Optimización en la recuperación de inmunoglobulinas, como molécula entera y fragmento F(ab´)2, en la producción de antivenenos / Optimization in the immunoglobulins recovery, as whole molecule and F(ab´)2 fragment, in the antivenim production

En la actualidad se utilizan, principalmente, dos métodos de purificación de anticuerpos a partir de plasmas equinos hiperinmunes para la producción de antivenenos a nivel industrial, obteniéndose preparaciones enriquecidas en moléculas de inmunoglobulinas G ó fragmentos F(ab´)2. Con ambos métodos, luego de la precipitación, se observa una importante pérdida de capacidad neutralizante en comparación con la capacidad neutralizante de los plasmas de partida. En este trabajo, se realizó el fraccionamiento de plasmas equinos hiperinmunes utilizando ácido caprílico con y sin digestión enzimática con pepsina. El objetivo del trabajo fue dar a conocer la proporción de recuperación de la capacidad neutralizante luego del fraccionamiento; resultando ésta menor cuando el plasma se trató enzimáticamente. Adicionalmente, se propuso establecer cuál sería la etapa responsable de la diferencia en la recuperación de anticuerpos entre una metodología y otra. Cuando se purificaron las inmunoglobulinas enteras, se recuperó aproximadamente un 53% de la capacidad neutralizante mientras que cuando la muestra se purificó luego de ser tratada enzimáticamente, se obtuvo alrededor del 30% de esa actividad. Una relación de similar magnitud se verifica en la recuperación de la masa de proteínas solubles luego de remover los contaminantes, entre una metodología y otra. La insolubilización del fragmento Fc generado durante la digestión sería el responsable de esa pérdida adicional de proteína y capacidad neutralizante.

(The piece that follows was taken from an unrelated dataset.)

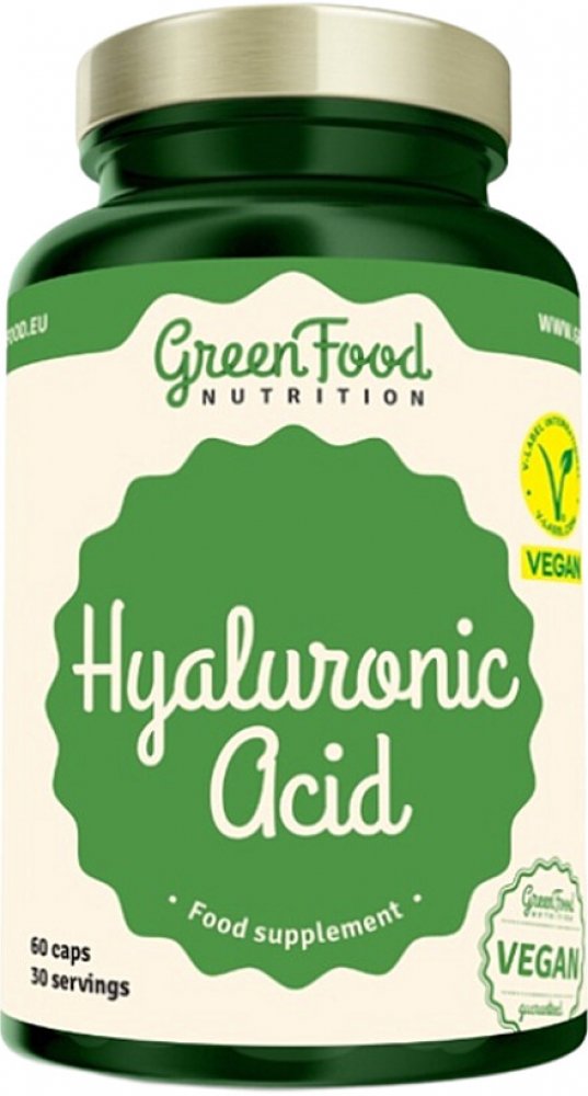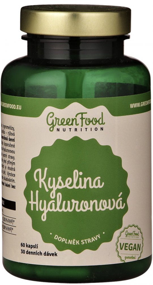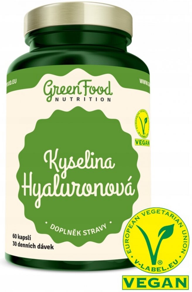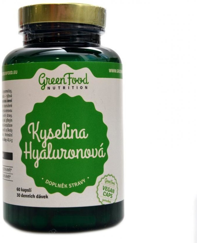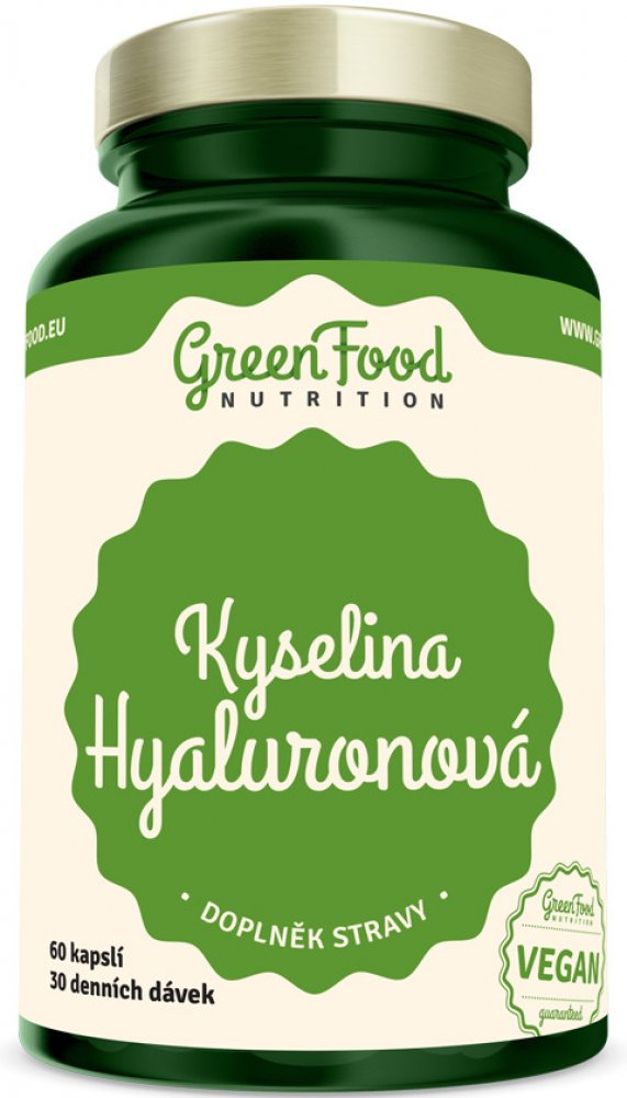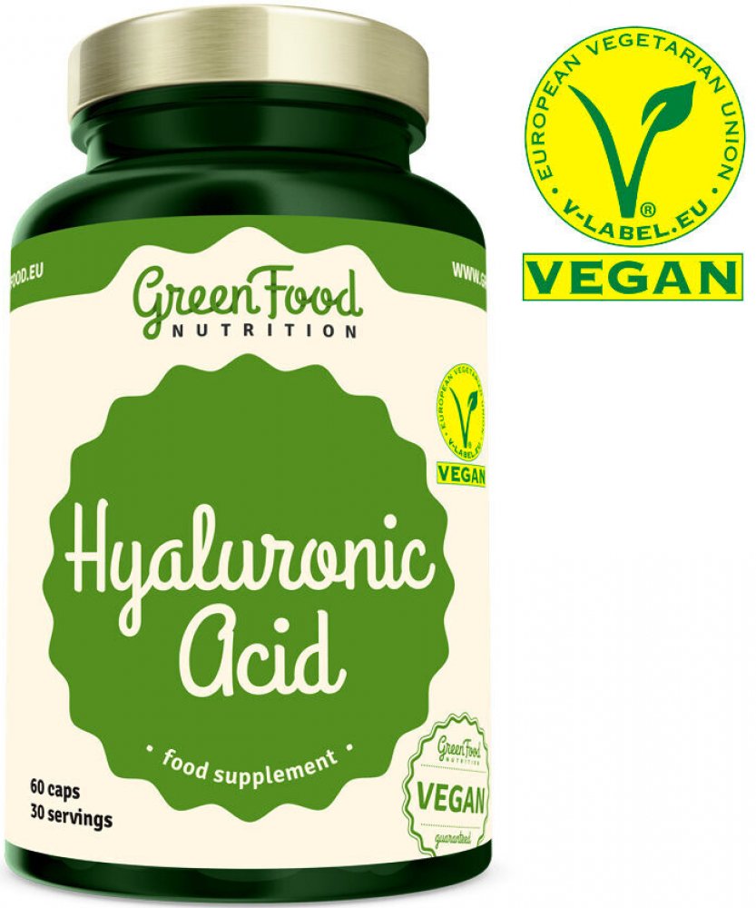 Kyselina hyaluronová je známá též jako hyaluronát sodný, je přirozenou součástí mezibuněčné hmoty, které vytváří naše buňky v našem těle. Spolu s kolagenem a elastinem je jednou z hlavních složek pojivové tkáně, která obklopuje naše kožní buňky, kde zajišťuje hydrataci a pevnost pleti. Mladá, zdravá pleť obsahuje velké množství kyseliny hyaluronové, ale s rostoucím věkem její produkce v pleti klesá a snižují se její stávající zásoby.Pro doplňky stravy, pro vnitřním užití, je doporučována středněmolekulární až vysokomolekulární kyselina hyaluronová. Nízkomolekulární formy nejsou pro vnitřním užití samy o sobě vhodné, užívají se pro vnějším použití v dermatologii, např. ve formě krémů, protože mají lepší prostupnost kožní bariérou.GreenFood Nutrition Kyselina hyaluronová se vyrábí fermentací určitého druhu bakterií, k výrobě nejsou používány látky živočišného původu. Je tedy vhodná i pro vegany. Použitá surovina se řadí mezi vysokomolekulární formy Kyseliny hyaluronové.

Today two methods are mainly used for the purification of antibodies from hyperimmune equine plasma at industrial level obtaining enriched preparations of immunoglobulin G (IgG) molecules or F(ab´)2 fragments. In both methods, after the precipitation, an important loss in the neutralizing capability was observed compared to the one of the original plasma. In this work, we performed the fractionation of hyperimmune equine plasma using caprylic acid, with and without enzymatic digestion with pepsin. The aim was to explain the percentage of recovery of the neutralizing capability after the fractionation; which resulted minor when the plasma was enzymatically treated. Additionally, we intended to establish which stage, in the purification process, was the responsible for the difference in the antibody recovery between one methodology and the other. When entire immunoglobulins were purified, approximately 53% of the neutralizing capacity was recovered, but when the sample was purified after the enzymatic treatment, around the 30% of the activity was obtained. A ratio of similar magnitude is verified on the recovery of the soluble protein mass after the removal of contaminants, between the two methods. The insolubilization of the fragment Fc generated during digestion would be responsible for the additional loss of protein and neutralizing capacity.